TASK STATEMENT :: Reproduce exactly the lines below from the one containing "The figure below" through the one containing "最后,建筑上大量使用无承重墙", including both, and nothing else.

==== SUPPLIED MATERIAL ====

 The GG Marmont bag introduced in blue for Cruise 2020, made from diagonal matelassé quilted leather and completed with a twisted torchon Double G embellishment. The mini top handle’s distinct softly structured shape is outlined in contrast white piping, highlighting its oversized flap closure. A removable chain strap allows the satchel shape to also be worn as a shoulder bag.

====
==== SUPPLIED MATERIAL ====

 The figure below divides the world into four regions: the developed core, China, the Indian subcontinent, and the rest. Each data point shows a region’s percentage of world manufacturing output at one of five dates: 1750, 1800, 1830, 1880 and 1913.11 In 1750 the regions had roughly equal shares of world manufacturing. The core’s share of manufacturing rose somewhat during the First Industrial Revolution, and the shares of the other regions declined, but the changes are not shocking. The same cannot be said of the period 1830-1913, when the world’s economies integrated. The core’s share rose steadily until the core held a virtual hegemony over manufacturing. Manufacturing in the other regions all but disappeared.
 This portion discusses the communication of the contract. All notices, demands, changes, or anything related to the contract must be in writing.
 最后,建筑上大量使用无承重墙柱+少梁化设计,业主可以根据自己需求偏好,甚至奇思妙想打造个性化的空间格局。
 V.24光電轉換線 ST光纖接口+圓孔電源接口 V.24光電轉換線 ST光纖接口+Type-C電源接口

====

TASK ANSWER ::
 The figure below divides the world into four regions: the developed core, China, the Indian subcontinent, and the rest. Each data point shows a region’s percentage of world manufacturing output at one of five dates: 1750, 1800, 1830, 1880 and 1913.11 In 1750 the regions had roughly equal shares of world manufacturing. The core’s share of manufacturing rose somewhat during the First Industrial Revolution, and the shares of the other regions declined, but the changes are not shocking. The same cannot be said of the period 1830-1913, when the world’s economies integrated. The core’s share rose steadily until the core held a virtual hegemony over manufacturing. Manufacturing in the other regions all but disappeared.
 This portion discusses the communication of the contract. All notices, demands, changes, or anything related to the contract must be in writing.
 最后,建筑上大量使用无承重墙柱+少梁化设计,业主可以根据自己需求偏好,甚至奇思妙想打造个性化的空间格局。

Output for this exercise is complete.